Appendix A: Derivation of weak form of species balance

Staring form Eq. (14a),

$$\begin{aligned} \int _{ V } \dot{ C }\,\delta \mu \, \textrm{d}V + \int _{ V } \left( \varvec{\nabla }_{{\textbf{X}}}\cdot {\textbf{J}}\right) \delta \mu \, \textrm{d}V = 0 \end{aligned}$$

(A1)

By applying the product rule and divergence theorem [29], and then substituting Eq. (14b) into Eq. (A1),

$$\begin{aligned}{} & {} \int _{ V } \dot{ C }\,\delta \mu \, \textrm{d}V - \int _{ V } {\textbf{J}}\cdot \varvec{\nabla }_{{\textbf{X}}}\delta \mu \, \textrm{d}V \nonumber \\{} & {} \quad + \int _{ S } \dot{\widetilde{ C }}\,\delta \mu \, \textrm{d}S + \int _{ S } \left( \widetilde{\varvec{\nabla }}_{\widetilde{{{\textbf {X}}}}}\cdot \widetilde{{\textbf{J}}}\right) \delta \mu \, \textrm{d}S = 0 \end{aligned}$$

(A2)

where the last term in Eq. (A2) can be rewritten by product rule and surface divergence theorem,

$$\begin{aligned}{} & {} \int _{ S } \left( \widetilde{\varvec{\nabla }}_{\widetilde{{{\textbf {X}}}}}\cdot \widetilde{{\textbf{J}}}\right) \delta \mu \, \textrm{d}S = - \int _{ S } \widetilde{{\textbf{J}}}\cdot \widetilde{\varvec{\nabla }}_{\widetilde{{{\textbf {X}}}}}\delta \mu \, \textrm{d}S \nonumber \\{} & {} \quad + \int _{ L } \left( \widetilde{{\textbf{J}}}\cdot \widetilde{{\textbf{N}}}\right) \delta \mu \, \textrm{d}L \end{aligned}$$

(A3)

where the second term in the right-hand side of Eq. (A3) is assumed to be zero. By substituting Eq. (A3) into Eq. (A2),

$$\begin{aligned}{} & {} \int _{ V } \dot{ C }\,\delta \mu \, \textrm{d}V - \int _{ V } {\textbf{J}}\cdot \varvec{\nabla }_{{\textbf{X}}}\delta \mu \, \textrm{d}V \nonumber \\{} & {} \quad + \int _{ S } \dot{\widetilde{ C }}\,\delta \mu \, \textrm{d}S - \int _{ S } \widetilde{{\textbf{J}}}\cdot \widetilde{\varvec{\nabla }}_{\widetilde{{{\textbf {X}}}}}\delta \mu \, \textrm{d}S = 0 \end{aligned}$$

(A4)

This equation corresponds to Eq. (34b) in the manuscript.

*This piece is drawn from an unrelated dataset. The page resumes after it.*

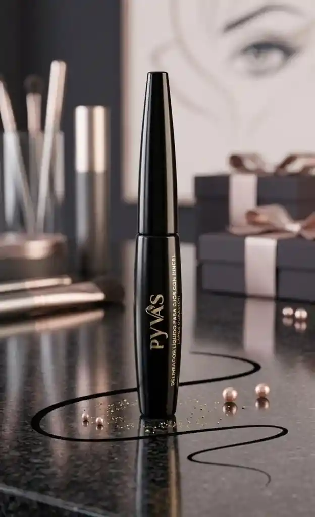 El producto es un delineador líquido de la marca PYVA'S, diseñado para ofrecer una aplicación precisa y un acabado duradero.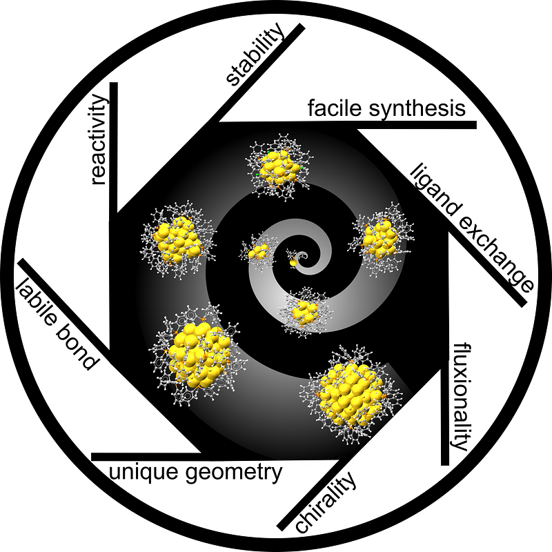 - Superatomic clusters: Synthesis of ligand-protected metal (Au, Ag, Pd, Pt, Ru) clusters using phosphine or some other organic ligands with tunable properties such as size selectivity, electronic and optical properties, chirality and catalytic activity.

Appendix B: Convergence study on cube-contracting example

We perform the convergence study to demonstrate the simulation results and mesh resolution (see Fig. 11) on cube-contracting example in Sect. 5.1. During the surface energy ramping phase (\( t /\tau < 10^{0}\)), the bulk gains species, leading to a rapid increase in normalized diameters. While the surface energy is fixed (\( t /\tau \ge 10^{0}\)), the species continue to migrate from the surface into the bulk due to the chemical potential, resulting in a gradual increase in normalized diameter. The diameters stop increasing once the chemical potentials reach equilibrium (\( t /\tau \sim 1.6\times 10^{5}\)). It is important to note that the normalized diameters at multiple normalized times approach the reference values. Here we confirm a convergence of the solution following a global deformation metric.